What this task involves
The entries below are to be written out exactly, with no images included.

--- Entries provided ---

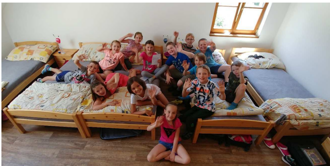
Škola v přírodě - Halův mlýn
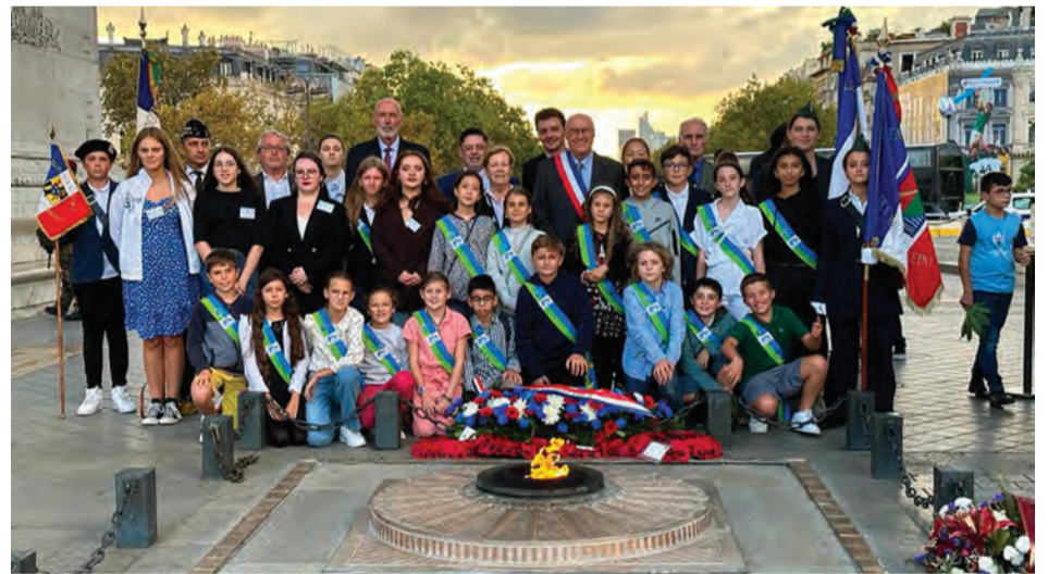
Les jeunes Robinsonnais rassemblés sous l'Arc de triomphe avec leurs élus.
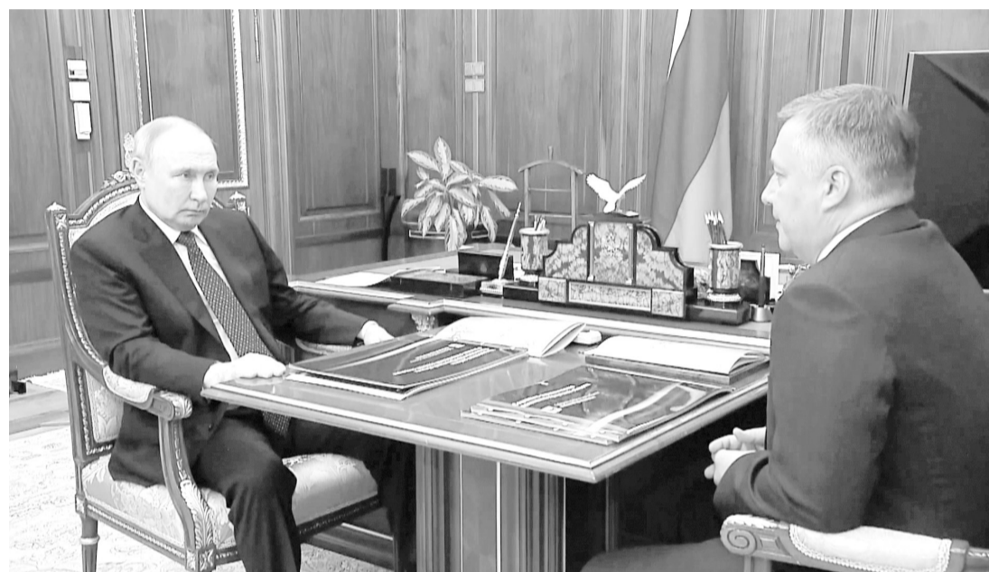
Президент России Владимир Путин и губернатор Иркутской области Игорь Кобзев

17 ИЮЛЯ ПРЕЗИДЕНТ РОССИИ ВЛАДИМИР ПУТИН ПРОВЕЛ РАБОЧУЮ ВСТРЕЧУ С ГУБЕРНАТОРОМ ИРКУТСКОЙ ОБЛАСТИ ИГОРЕМ КОБЗЕВЫМ. ГЛАВА РЕГИОНА ДОЛОЖИЛ О СОЦИАЛЬНО-ЭКОНОМИЧЕСКОМ РАЗВИТИИ, ЗДРАВООХРАНЕНИИ И ПОДДЕРЖКЕ УЧАСТНИКОВ СПЕЦИАЛЬНОЙ ВОЕННОЙ ОПЕРАЦИИ
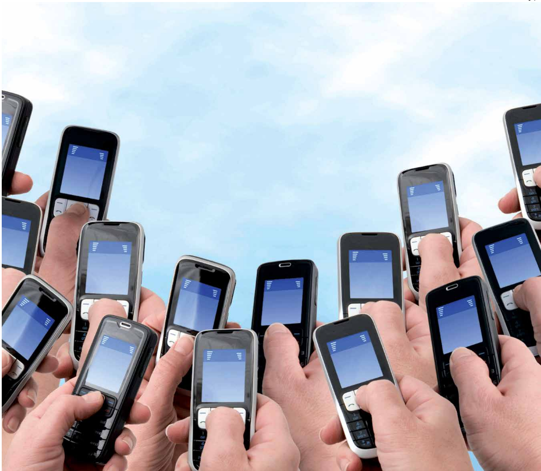
A expectativa da agência reguladora é de que num prazo de seis meses os usuários de telefone celular já perceberão melhoria nos serviços de dados e voz
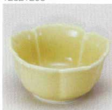
124-33-714 桔梗珍味黄 240円 6.5×3.3cm 12433714
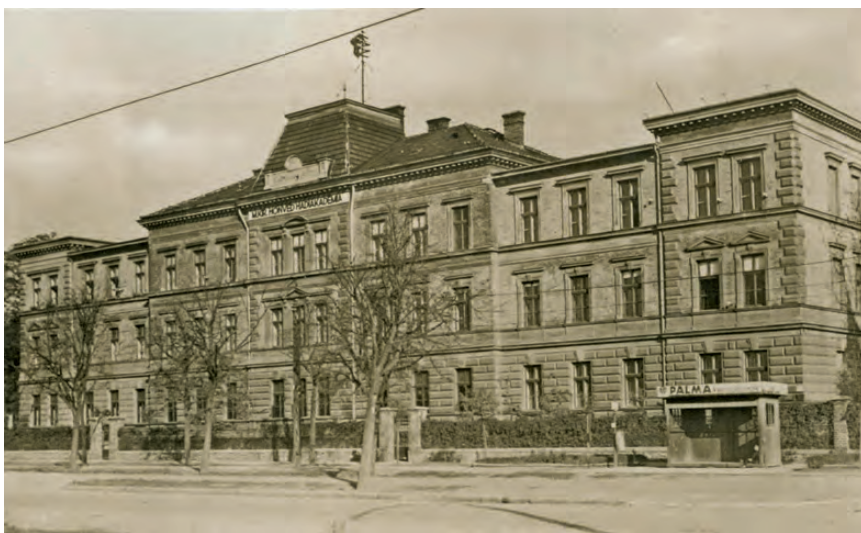
1. kép. A Hadiakadémia főépülete
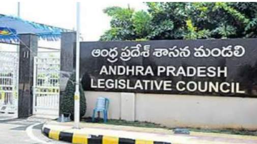
వార్త సంధ్య అమరావతి, మార్చి 04 : ఆంధ్రప్రదేశ్ శాసనమండలి రెండు కీలకమైన బిల్లులకు ఆమోదం తెలిపింది. అసైన్డ్ భూముల చట్ట నవరణ బిల్లు, ఏపీ గ్రామ, వార్డు సచివాలయాల పునర్వ్యవస్థీకరణ బిల్లులను మండలి ఆమోదించింది. - మగతా 2 లో
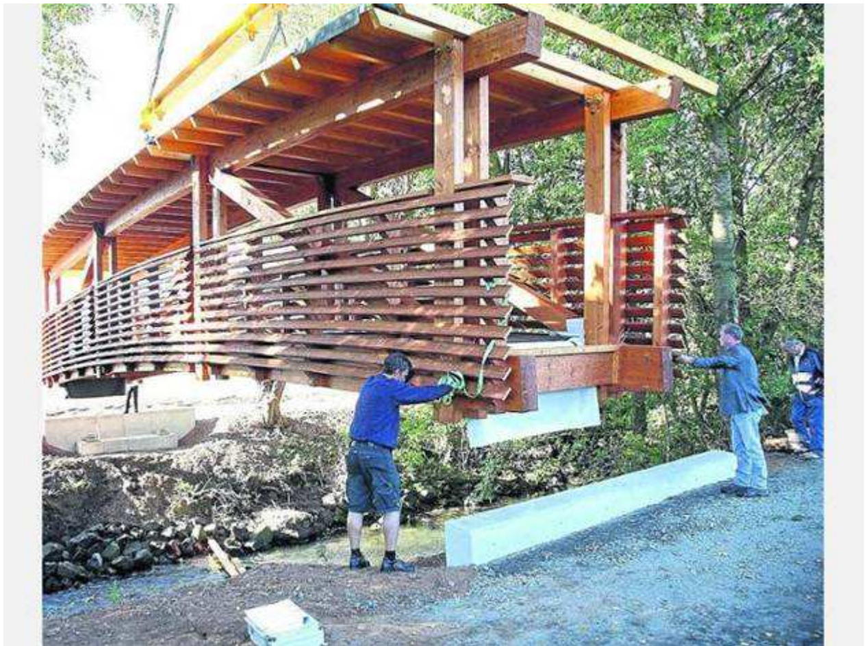
Foto: Brücke Rehheckenweg
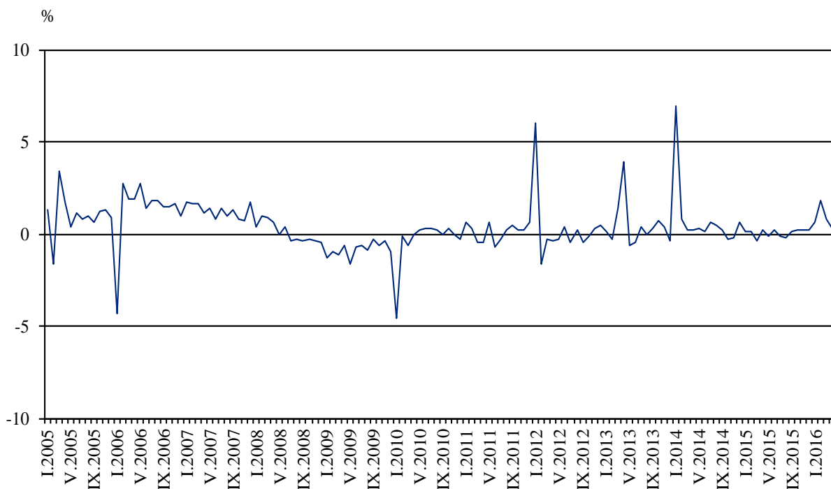
Фиг. 2. Изменение на оборота в раздел „Търговия на дребно, без търговията с автомобили и мотоциклети” спрямо предходния месец (Сезонно изгладени)

През април 2016 г. оборотът нараства по-значително спрямо предходния месец при: търговията на дребно чрез поръчки по пощата, телефона или интернет - с 3.8%, търговията на дребно с компютърна и комуникационна техника - с 3.0%, и търговията на дребно с текстил, облекло, обувки и кожени изделия - с 2.5%. Намаление е регистрирано при: търговията на дребно с разнообразни стоки - с 0.9%, търговията на дребно с фармацевтични и медицински стоки - с 0.8%, и търговията на дребно с битова техника, мебели и други стоки за бита - с 0.7%.
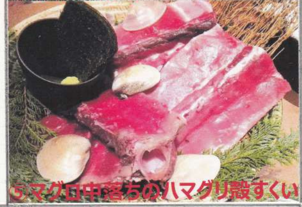
⑤マグロ中落ちのハマグリ殻すくい

◎ヒラズミ情報 ○男前表クレーム(図④) 4月19日に男前表に麻糸の糸 フケのクレームをいただき、 直ちに代品をお送りしました。 今後、逆光向きの麻糸も実施 し、品質向上を図ります。 ○マグロ中落ちのハマグリ殻 すくい(図⑤) 詳しくはFB
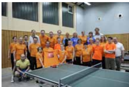
Teil der Tischtennisabteilung

2017 feiert die Tischtennisabteilung ihr 50-jähriges Jubiläum und die Volleyballabteilung ihr 10-jähriges, so dass die Aktivitäten gleich weitergingen.
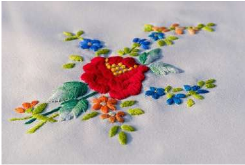
Gambar 2.18 Contoh Bordir Datar
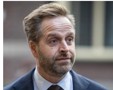
Hugo de Jonge
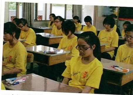
配合無鐘學制度，新生也要入境隨俗——課前靜坐。

國中和國小判若雲泥，課業壓力明顯加重許多，雖然現在我是新鮮人，但未來我會跟隨著師長們的步伐，慢慢成長，和這溫馨文興一起快樂度過國中生涯。
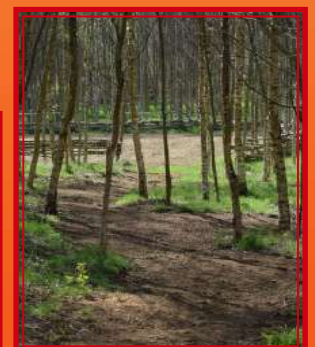
Parc à jeux
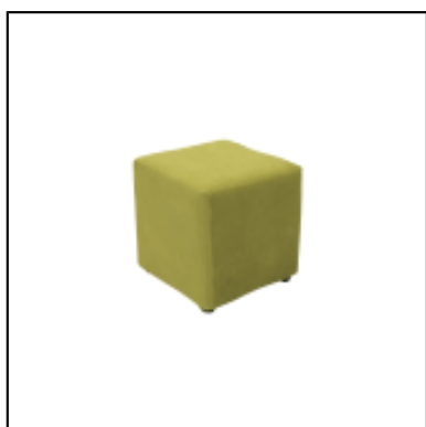
Pouf carré Tweed - anis
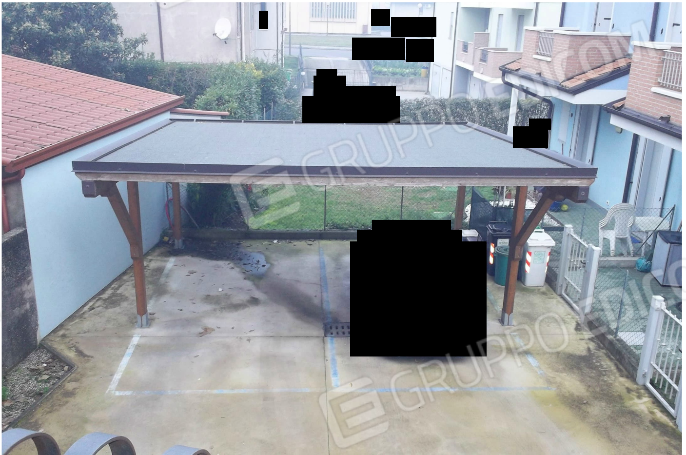
Due posti auto coperti, uno dei quali è annesso all'appartamento allo stato "Grezzo"
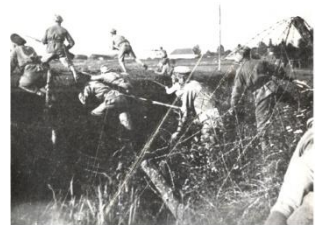
ČECHO-SLOVÁKŮ JÍCÍ NA ŠPIČCE RUSKÉHO FRONTY. V tomto útoku, který se odehrál u Zborova, vstoupili naši vojska v čtyřech hodinách a zajali dvanáct tisíc Austro-Uherů.

Oblíbené písně našich hochů v Česko-Slovenské armádě v Rusku. Favorite Songs of the Čecho-Slovak Army in Russia.
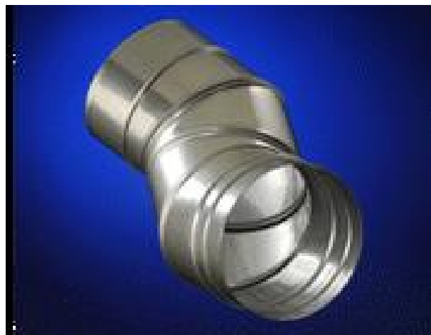
Fig. 1 Schiedel Prima Plus (fra www.schiedel.co.uk).

Schiedel Prima Plus tilfredsstillter kravene i henhold til NS-EN 1856-2:2009.
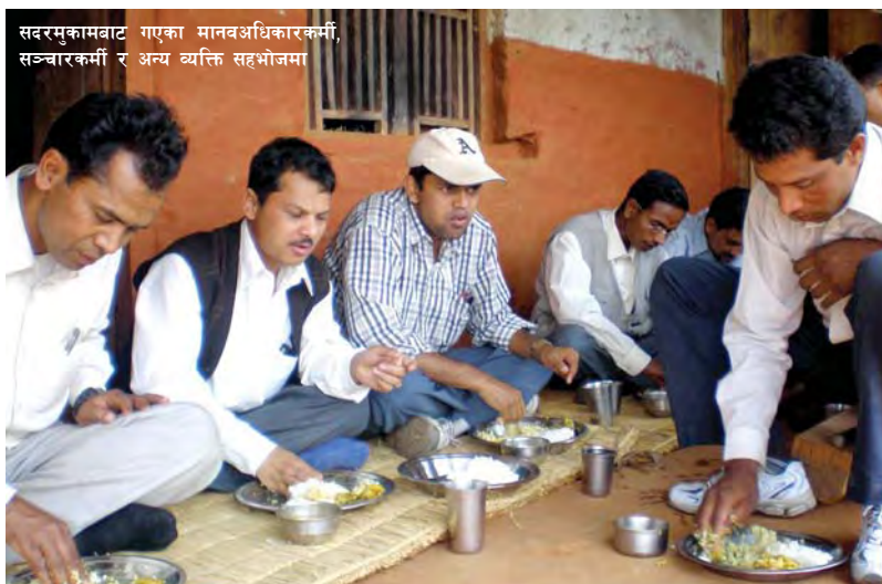
सदरमुकामबाट गएका मानवअधिकारकर्मी, सञ्चारकर्मी र अन्य व्यक्ति सहभोजमा
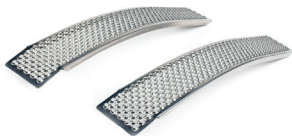
LADERAMPEN, GEBOGEN 505 69 90-43
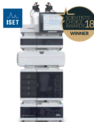
Agilent 1260 Infinity II Prime LC

Effizienz in der täglichen Routine mit mehr Komfort
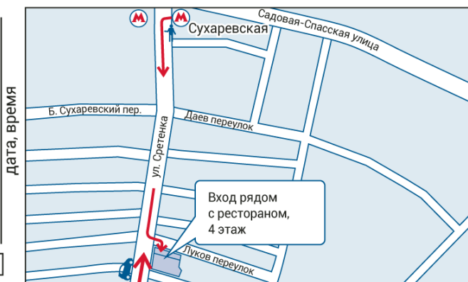
ул. Сретенка, д. 16/2 (от метро 7 мин. пешком)
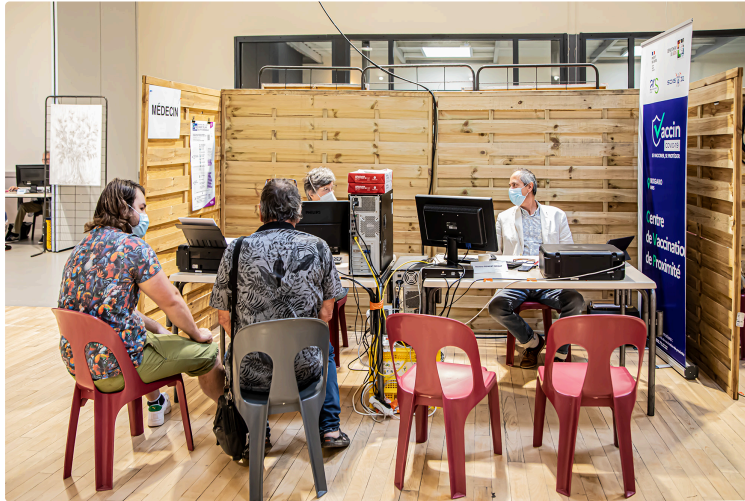
La vaccination à Nogaro s'accélère

Le nombre d'injections est multiplié par 3

---

Exercise answer
Škola v přírodě - Halův mlýn
Les jeunes Robinsonnais rassemblés sous l'Arc de triomphe avec leurs élus.
Президент России Владимир Путин и губернатор Иркутской области Игорь Кобзев

17 ИЮЛЯ ПРЕЗИДЕНТ РОССИИ ВЛАДИМИР ПУТИН ПРОВЕЛ РАБОЧУЮ ВСТРЕЧУ С ГУБЕРНАТОРОМ ИРКУТСКОЙ ОБЛАСТИ ИГОРЕМ КОБЗЕВЫМ. ГЛАВА РЕГИОНА ДОЛОЖИЛ О СОЦИАЛЬНО-ЭКОНОМИЧЕСКОМ РАЗВИТИИ, ЗДРАВООХРАНЕНИИ И ПОДДЕРЖКЕ УЧАСТНИКОВ СПЕЦИАЛЬНОЙ ВОЕННОЙ ОПЕРАЦИИ
A expectativa da agência reguladora é de que num prazo de seis meses os usuários de telefone celular já perceberão melhoria nos serviços de dados e voz
124-33-714 桔梗珍味黄 240円 6.5×3.3cm 12433714
1. kép. A Hadiakadémia főépülete
వార్త సంధ్య అమరావతి, మార్చి 04 : ఆంధ్రప్రదేశ్ శాసనమండలి రెండు కీలకమైన బిల్లులకు ఆమోదం తెలిపింది. అసైన్డ్ భూముల చట్ట నవరణ బిల్లు, ఏపీ గ్రామ, వార్డు సచివాలయాల పునర్వ్యవస్థీకరణ బిల్లులను మండలి ఆమోదించింది. - మగతా 2 లో
Foto: Brücke Rehheckenweg
Фиг. 2. Изменение на оборота в раздел „Търговия на дребно, без търговията с автомобили и мотоциклети” спрямо предходния месец (Сезонно изгладени)

През април 2016 г. оборотът нараства по-значително спрямо предходния месец при: търговията на дребно чрез поръчки по пощата, телефона или интернет - с 3.8%, търговията на дребно с компютърна и комуникационна техника - с 3.0%, и търговията на дребно с текстил, облекло, обувки и кожени изделия - с 2.5%. Намаление е регистрирано при: търговията на дребно с разнообразни стоки - с 0.9%, търговията на дребно с фармацевтични и медицински стоки - с 0.8%, и търговията на дребно с битова техника, мебели и други стоки за бита - с 0.7%.
⑤マグロ中落ちのハマグリ殻すくい

◎ヒラズミ情報 ○男前表クレーム(図④) 4月19日に男前表に麻糸の糸 フケのクレームをいただき、 直ちに代品をお送りしました。 今後、逆光向きの麻糸も実施 し、品質向上を図ります。 ○マグロ中落ちのハマグリ殻 すくい(図⑤) 詳しくはFB
Teil der Tischtennisabteilung

2017 feiert die Tischtennisabteilung ihr 50-jähriges Jubiläum und die Volleyballabteilung ihr 10-jähriges, so dass die Aktivitäten gleich weitergingen.
Gambar 2.18 Contoh Bordir Datar
Hugo de Jonge
配合無鐘學制度，新生也要入境隨俗——課前靜坐。

國中和國小判若雲泥，課業壓力明顯加重許多，雖然現在我是新鮮人，但未來我會跟隨著師長們的步伐，慢慢成長，和這溫馨文興一起快樂度過國中生涯。
Parc à jeux
Pouf carré Tweed - anis
Due posti auto coperti, uno dei quali è annesso all'appartamento allo stato "Grezzo"
ČECHO-SLOVÁKŮ JÍCÍ NA ŠPIČCE RUSKÉHO FRONTY. V tomto útoku, který se odehrál u Zborova, vstoupili naši vojska v čtyřech hodinách a zajali dvanáct tisíc Austro-Uherů.

Oblíbené písně našich hochů v Česko-Slovenské armádě v Rusku. Favorite Songs of the Čecho-Slovak Army in Russia.
Fig. 1 Schiedel Prima Plus (fra www.schiedel.co.uk).

Schiedel Prima Plus tilfredsstillter kravene i henhold til NS-EN 1856-2:2009.
सदरमुकामबाट गएका मानवअधिकारकर्मी, सञ्चारकर्मी र अन्य व्यक्ति सहभोजमा
LADERAMPEN, GEBOGEN 505 69 90-43
Agilent 1260 Infinity II Prime LC

Effizienz in der täglichen Routine mit mehr Komfort
ул. Сретенка, д. 16/2 (от метро 7 мин. пешком)
La vaccination à Nogaro s'accélère

Le nombre d'injections est multiplié par 3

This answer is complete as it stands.